What a thought provoking thread!
In my whole life I have only had one dog. She was an all black miniature poodle, one of a litter of seven. Her siblings lived with us as well - but she knew that she had my heart. I had her for far too short of a time and I was shattered when I lost her.
My next love was Suger - an all white - long haired kitty that I loved dearly for 18 years. It took me months to even be able to say his name after he was gone. He was my little soul mate.
My next kitty was one that my husband and I adopted. It was supposed to be "his" cat because Sugar had been mine for so long. But when it was all said and done - Patches was truly mine and we had a heart connection as well.

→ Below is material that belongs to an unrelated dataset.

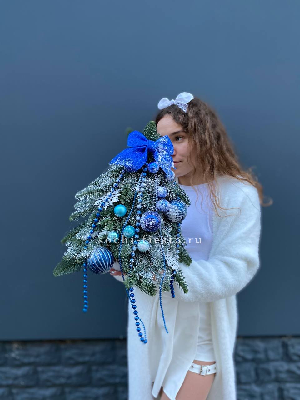 Пушистые ветви датского нобилиса собраны в плотную форму конуса и украшены россыпью бус с праздничными игрушками. Композиция держит силуэт и наполняет комнату свежим хвойным ароматом.
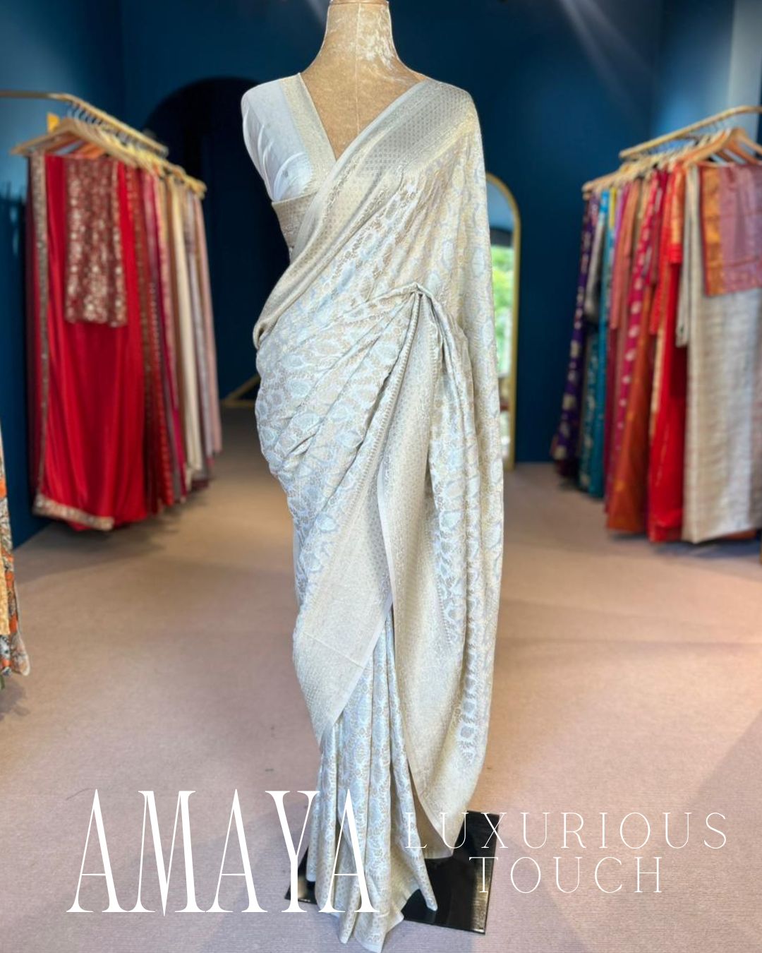 Jacket: 1 Yard of Off white Pure Crape Silk Fabric Attached to the Saree

Then along came Magic - all black - long haired - and one of the sweetest cats I have ever known. The communication between us was amazing. Talk about love being shown by an animal - goodness - it was so sweet it almost hurt. Magic had just "shown up" in my yard at around nine months - and I lost him to cancer when he was 13.
Right before I lost Magic, Rascal again "just showed up" and it was clear he was going to live with me. He practically showed me in every way possible that I had no choice in the matter.
I will never regret taking him in............
And then Annie and Emma were more or less dumped on me by my neighbor. And here I am with three orange kitties.
I have learned that whatever you put into an animal you get back a thousand fold. But it takes time.........you have to be consistent and persistent. Annie and Emma were offspring of a stray - so they were somewhat wild..........but three years later I have utter devotion from them - and finally complete trust.
Do we ever love them too much? I don't think that is possible. They deserve every last drop you can give them.
The most difficult part is of course, saying goodbye..........but have we really parted? How could a pet that has given you so much love and purrs and headbumps and fun - ever leave you? They are firmly locked in my heart and I know that I am in theirs.